Insurance rating agency A.M. Best Co. put Prudential Insurance Co. of America, Newark, under review while it assesses the impact of a settlement Prudential's securities unit made with the Securities and Exchange Commission to compensate investors who claimed they were misled by the brokerage.

Investors charged they were not informed of the high risks of investing in risky limited partnerships in oil and gas wells, real estate, aircraft leasing and horse breeding. Prudential Securities Inc. agreed in October to pay a minimum $371 million to more than 100,000 investors whose claims are not being pursued through other litigation or arbitration. Twice that number of investors have already settled their claims against Prudential Securities.One lawsuit filed last month charged wholesale fraud in the way Prudential Securities marketed all limited partnerships during the 1980s, according to the Chicago Tribune.

Best officials said they were also concerned that allegations of Prudential employees using improper tactics to lure investors into Prudential Property Investments Separate Account (Prisa) - a real estate fund for institutional investors - will disrupt the insurer's institutional pension fund operation. The rating agency was also concerned about catastrophe risks in Prudential's property and casualty business.

"In the next several weeks, we will continue our discussions with senior management of The Prudential regarding financial and operational implications and uncertainties related to the limited partnership scandal and Prisa," Best officials said.

Joe Vecchione, a spokesman for Prudential, said Friday the nation's largest life insurance company wasn't surprised by Best's action. Prudential officials ''will cooperate with the Best review," he said.

But, "we expect to demonstrate to Best that Prudential is as financially strong today than it was when Best last affirmed our 'A++' (superior) rating."

Mr. Vecchione said Prudential has said it has set aside reserves equivalent to its $371 million limited partnership settlement.

On top of that, the insurer intends to add about $1 billion in statutory capital this year, he said, bringing its capital cushion against sudden losses and claims to $10.8 billion.

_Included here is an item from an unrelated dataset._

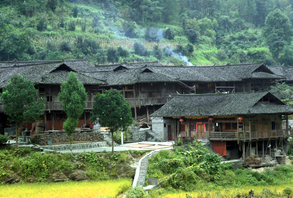 現(xiàn)有民居 20 余棟,10 余戶,100 余人,主要姓氏為李姓、談姓,主體民族為苗族。談家院子由李家院落和談家院落組成,是一個高坡苗寨。有李、談、張、黃、彭等姓。整個院子以撮箕口全木質(zhì)吊腳樓建筑為主,樓上人住,吊腳樓下多為牲畜圈舍。談家的祖屋原為 3 間正房兩邊轉(zhuǎn)角廂房吊腳樓,中堂外有 4 朵雕花窗,分別為“年年有余”、“喜鵲鬧梅”“百鳥朝鳳”“野鹿銜花”圖案。舊時談家有母系氏族遺風(fēng),是李姓祖婆當(dāng)家,4代同堂,十分興旺。現(xiàn)存房子多為近代新建,老宅只有 4 朵雕花窗戶尚存。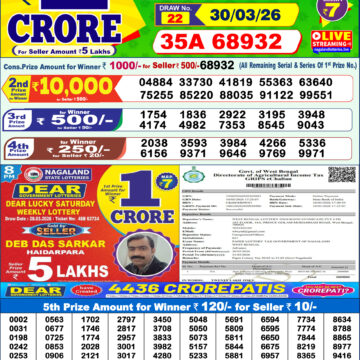 Today the result for Dear Shine Tuesday Weekly Lottery Result 1:00 PM 31 03 2026 will be posted here at 1:00 PM.

Prudential said it has seen little evidence of lost market share from the scandal and said Prudential Securities expects to report strong earnings this year.

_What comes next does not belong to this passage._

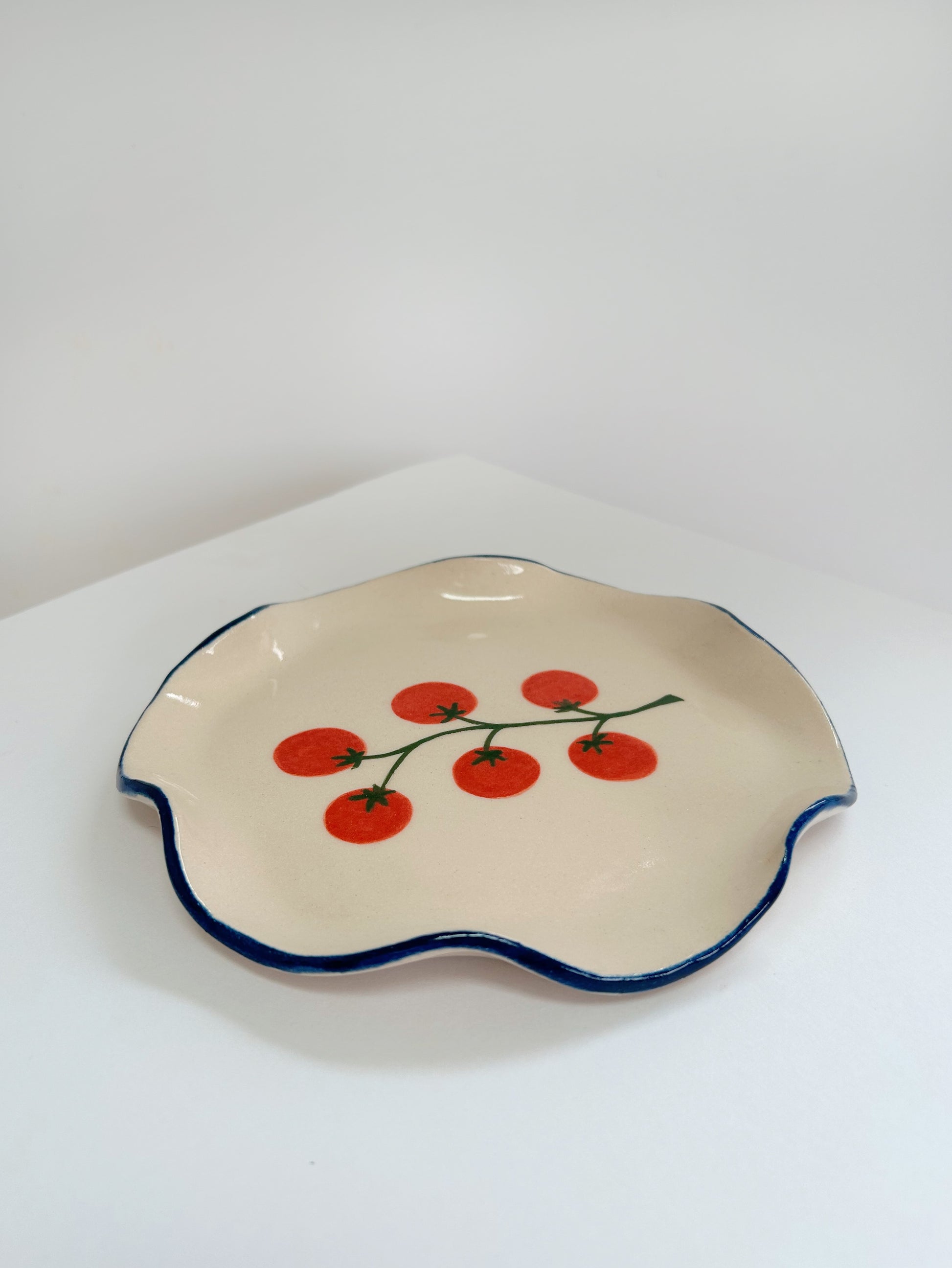 A stoneware trinket plate with decorative ruffled edge. Hand-illustrated with a tomato vine design.

"We expect strong results in our insurance operations and from our affiliates including Prudential Securities," Mr. Vecchione said.

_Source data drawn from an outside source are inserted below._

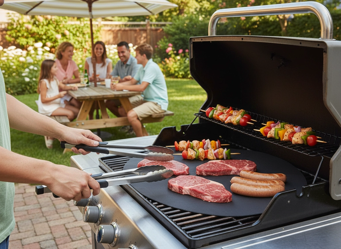 Okrogle teflonske podloge ščitijo rešetko in pekače pred umazanijo ter omogočajo bolj zdravo pripravo jedi brez odvečnih maščob. Zaradi neprijemljive površine se hrana ne zažge in jo je enostavno odstraniti, kar prihrani čas in trud pri čiščenju.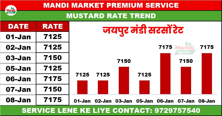 सरसों 42% कंडीशन भाव ₹ 7180/7190 तेजी 30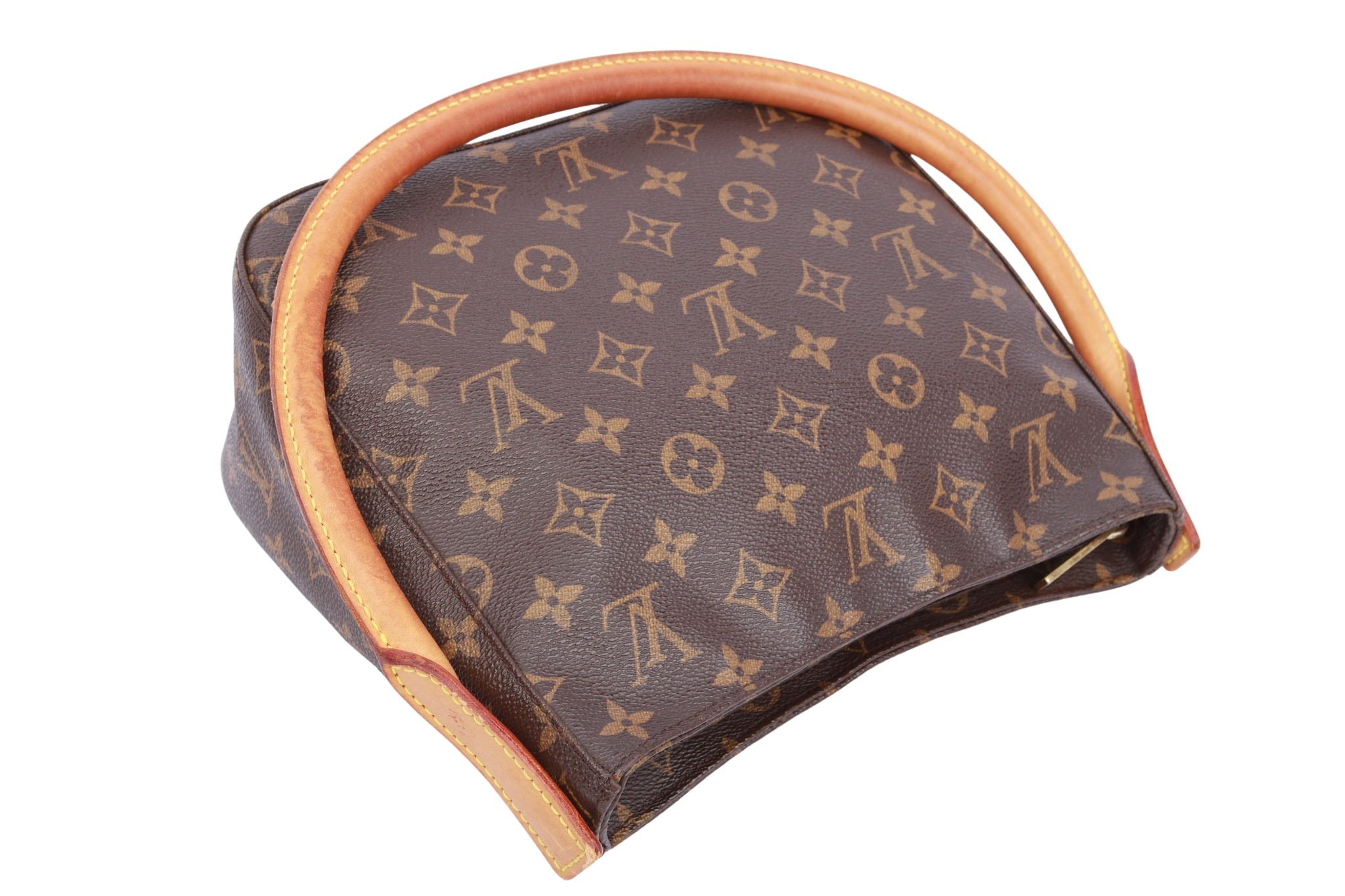 Die Louis Vuitton Looping MM in klassischem Monogram Canvas ist eine elegante Schultertasche mit markant geschwungenem Henkel aus natürlichem Vachetta-Leder. Ihre mittelgroße Größe bietet ausreichend Platz für den täglichen Gebrauch, während das stabile Canvas und das zeitlose Design für langlebige Qualität und stilvolle Vielseitigkeit sorgen. Ein echter Klassiker aus dem Louis Vuitton Sortiment.

Meanwhile, New Jersey Insurance regulators are close to completing their own examination of Prudential that began in 1992. The Prudential examination is a routine review made of all New Jersey insurance companies every five years, said Pete Cammarano, a spokesman for the department.

He would not comment on Best's action except to say "we're monitoring the situation."

Competing insurance rating agency Standard and Poor's Corp. had not changed its claims-paying ability rating of Prudential as of last Friday. The rating stood at "AA+," which officials assigned to Prudential in November 1992 and affirmed on Nov. 15.

One week after S&P affirmed Prudential's rating officials announced that Prudential Securities wouldn't need its parent to pay claims resulting from settlement of federal and state charges using improper sales tactics. At that time, Prudential Spokesman Tim Biggs said Prudential Securities had a $700 million reserve fund to draw on.